┌─ Dataset content

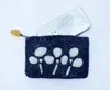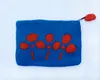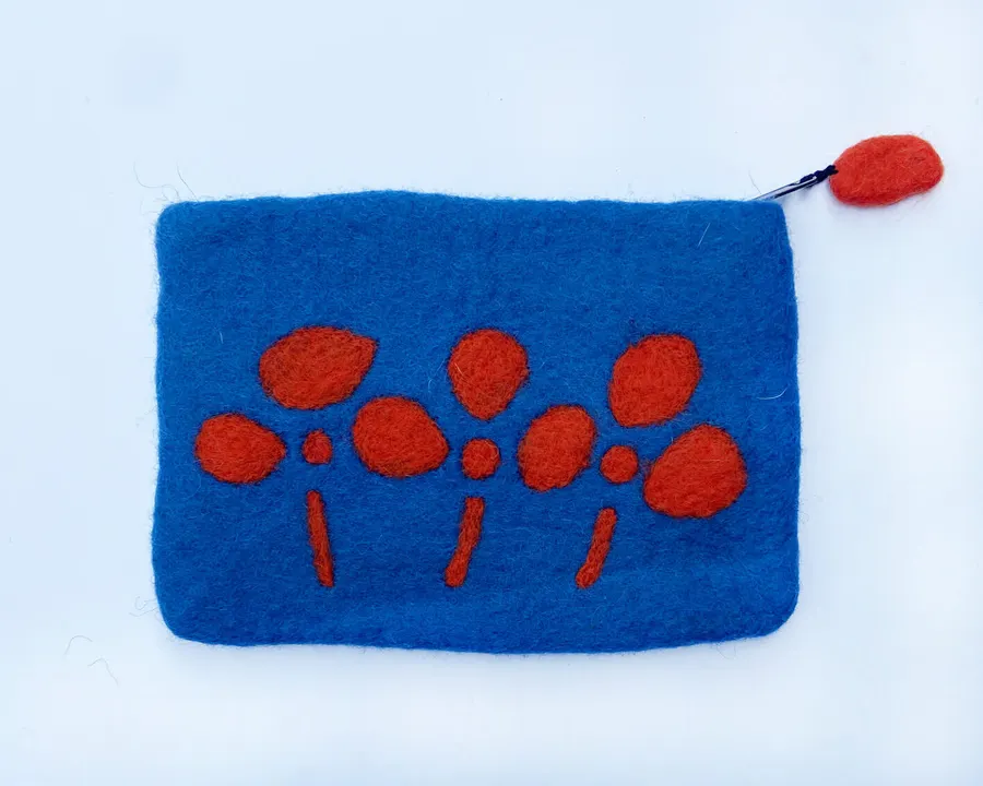 お花の模様のカラフルなフェルトポーチ スクエア ブルーにオレンジの花
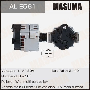 | 147215 | Masuma | AL-E561 | Masuma AL-E561 / ALE561 Генератор , MERCEDES-BENZ / M 272, M 156, M 273 (14V/180A) | 10 | 26450 | Только для отправки по России. |  |
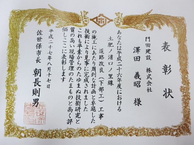 佐世保市長より表彰を受けました。 2015年8月17日 最終更新日時 : 2015年8月17日 kdt-admin 平成26年度施工『土肥ノ浦口ノ里線道路改良(下部工)工事』 において、佐世保市長より表彰を受けました!
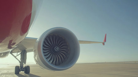 A detailed examination of a powerful jet engine reveals its complex design, reflecting sunlight and emphasizing the engineering marvel at an airport in the afternoon.
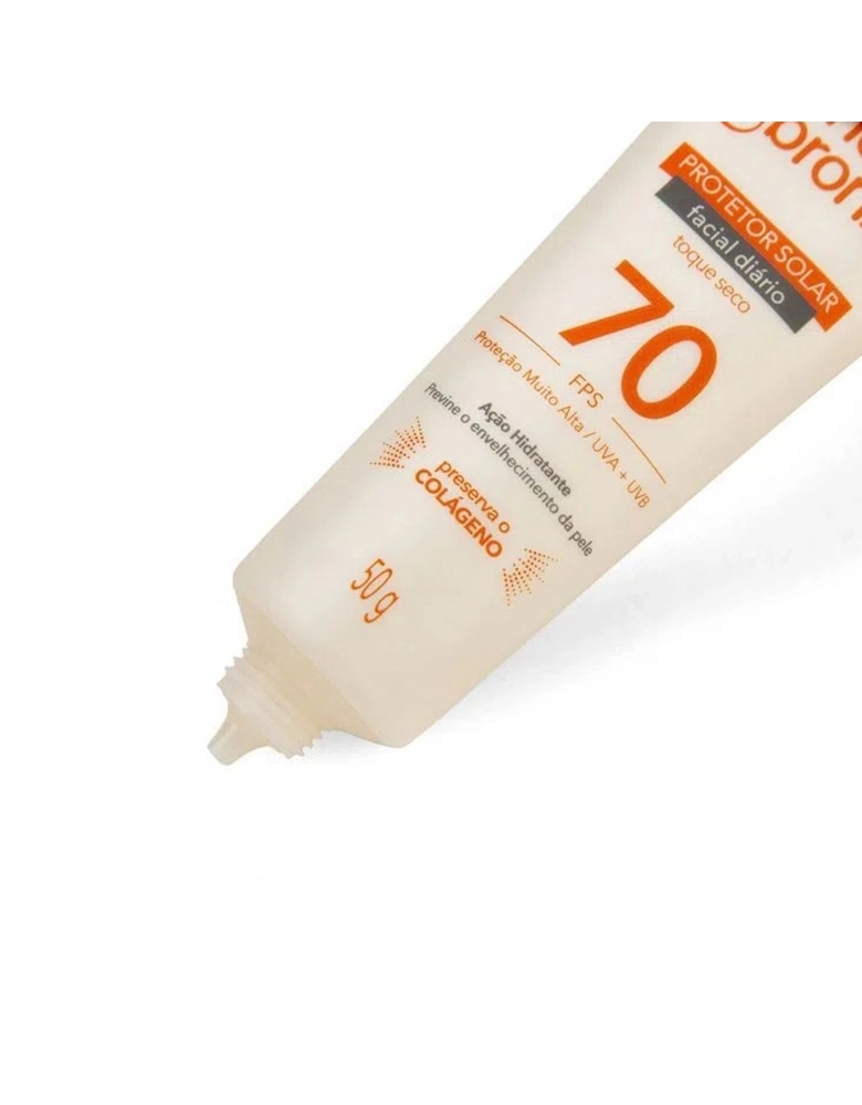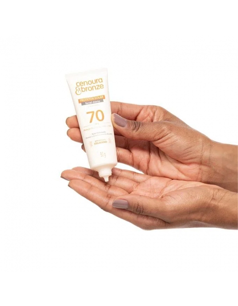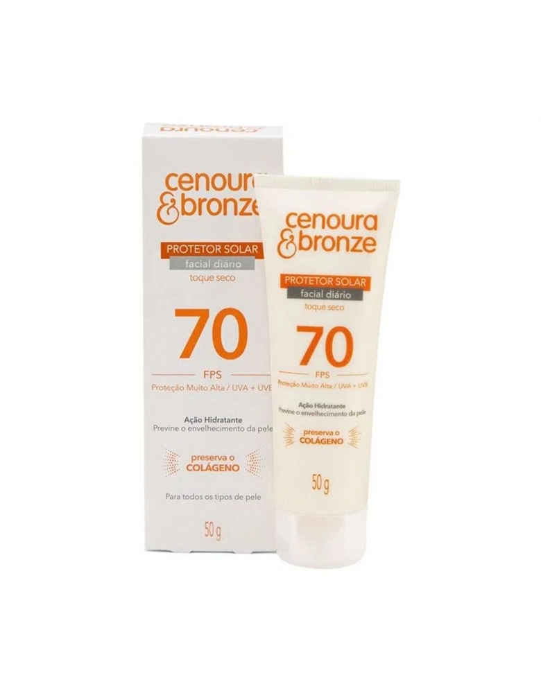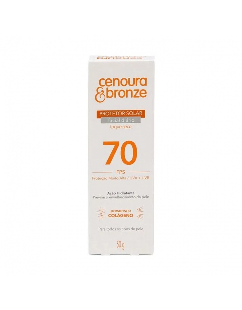Protetor Solar Facial Diário Cenoura & Bronze FPS 70 50g O Protetor Solar Facial Diário de Cenoura & Bronze protege a sua pele contra a ação danosa causada pela radiação solar UVA e UVB. Indicado para todos os tipos de pele, o produto tem toque seco, ação hidratante, textura suave e rápida absorção. Possui bico dosador para uma aplicação mais delicada. Os produtos de proteção solar de Cenoura & Bronze possuem a tecnologia inovadora Preserva o Colágeno, que minimiza os danos mais profundos na pele causados pelos raios infravermelhos, devido à ação antioxidante do produto, mesmo quando não estamos diretamente expostos ao sol. Protege contra a vermelhidão, ardência e rugas causadas pela exposição solar. Previne o envelhecimento precoce e a perda de firmeza e elasticidade, preservando o colágeno da pele.
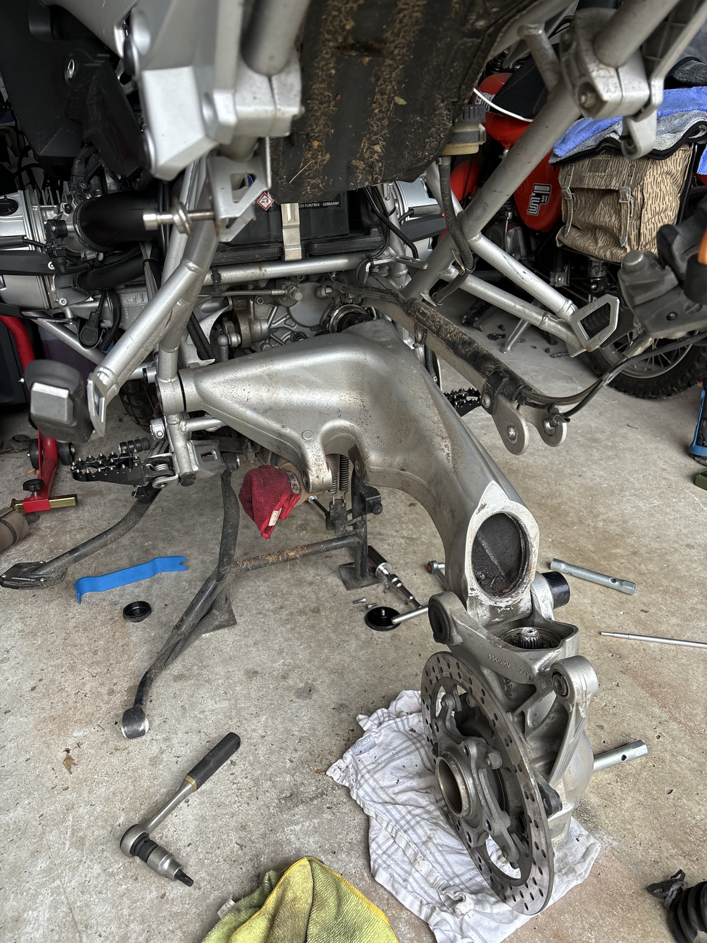 ich habe letzte Nacht noch angefangen die Schwinge abzubauen und bin (hoffentlich) nur eine Schraube davon entfernt.

└─

▸ **What the exercise asks**: Repeat the material exactly. Skip the images.

▸ **Solution**:
 お花の模様のカラフルなフェルトポーチ スクエア ブルーにオレンジの花
 | 147215 | Masuma | AL-E561 | Masuma AL-E561 / ALE561 Генератор , MERCEDES-BENZ / M 272, M 156, M 273 (14V/180A) | 10 | 26450 | Только для отправки по России. |  |
 佐世保市長より表彰を受けました。 2015年8月17日 最終更新日時 : 2015年8月17日 kdt-admin 平成26年度施工『土肥ノ浦口ノ里線道路改良(下部工)工事』 において、佐世保市長より表彰を受けました!
 A detailed examination of a powerful jet engine reveals its complex design, reflecting sunlight and emphasizing the engineering marvel at an airport in the afternoon.
Protetor Solar Facial Diário Cenoura & Bronze FPS 70 50g O Protetor Solar Facial Diário de Cenoura & Bronze protege a sua pele contra a ação danosa causada pela radiação solar UVA e UVB. Indicado para todos os tipos de pele, o produto tem toque seco, ação hidratante, textura suave e rápida absorção. Possui bico dosador para uma aplicação mais delicada. Os produtos de proteção solar de Cenoura & Bronze possuem a tecnologia inovadora Preserva o Colágeno, que minimiza os danos mais profundos na pele causados pelos raios infravermelhos, devido à ação antioxidante do produto, mesmo quando não estamos diretamente expostos ao sol. Protege contra a vermelhidão, ardência e rugas causadas pela exposição solar. Previne o envelhecimento precoce e a perda de firmeza e elasticidade, preservando o colágeno da pele.
 ich habe letzte Nacht noch angefangen die Schwinge abzubauen und bin (hoffentlich) nur eine Schraube davon entfernt.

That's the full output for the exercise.